The code in this notebook is adapted from a wonderful [AC-GAN implementation](https://github.com/keras-team/keras/blob/master/examples/mnist_acgan.py) in the Keras example section.

## Generator versus Discriminator

It's not only that the concept behind GANs can be explained in one sentence to a man in the street, also the mathematical concept is just as elegant as $E = mc^2$! It is based on the following minimax problem:
\begin{align} \min_G \max_D \mathbb{E}_{x \sim p_{\mathsf{data}}}[\log D(x)] + \mathbb{E}_{z \sim p_{\mathsf{noise}}}[\log( 1 - D(G(z)))],
\end{align}
where $G$ and $D$ denote the generator and the discriminator, respectively.

For fixed generator, the inner maximization means that the discriminator is trained to minimize the cross-entropy error for the classification problem of true vs. fake images. The outer minimization means that the generator tries to make this task as difficult as possible.

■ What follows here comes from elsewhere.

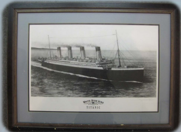
Framed Titanic Print (valued at $200)

Heuristically speaking, training the generator is more difficult than training the discriminator. For instance, for fixed generator, the inner maximization problem can be solved explicitly.


**Theorem**

Fix $G$. The solution of the optimization problem
$$ \max_D \mathbb{E}_{x \sim p_{\mathsf{data}}}[\log D(x)] + \mathbb{E}_{z \sim p_{\mathsf{noise}}}[\log(1 - D(G(z)))]$$
is given by 
$$D(x) = \frac{p_\mathsf{data}(x)}{p_\mathsf{data}(x) + p_{G}(x)},$$
where $p_{G}$ is the probability density of $G(Z)$ with $Z \sim p_{\mathsf{noise}}$. The optimal value of the maximization problem is given by
$$\mathsf{KL}(p_\mathsf{data}||(p_{\mathsf{data}} + p_G)/2) + \mathsf{KL}(p_G||(p_{\mathsf{data}} + p_G)/2),$$
the **Jensen-Shannon divergence** between $p_{\mathsf{data}}$ and $p_G$.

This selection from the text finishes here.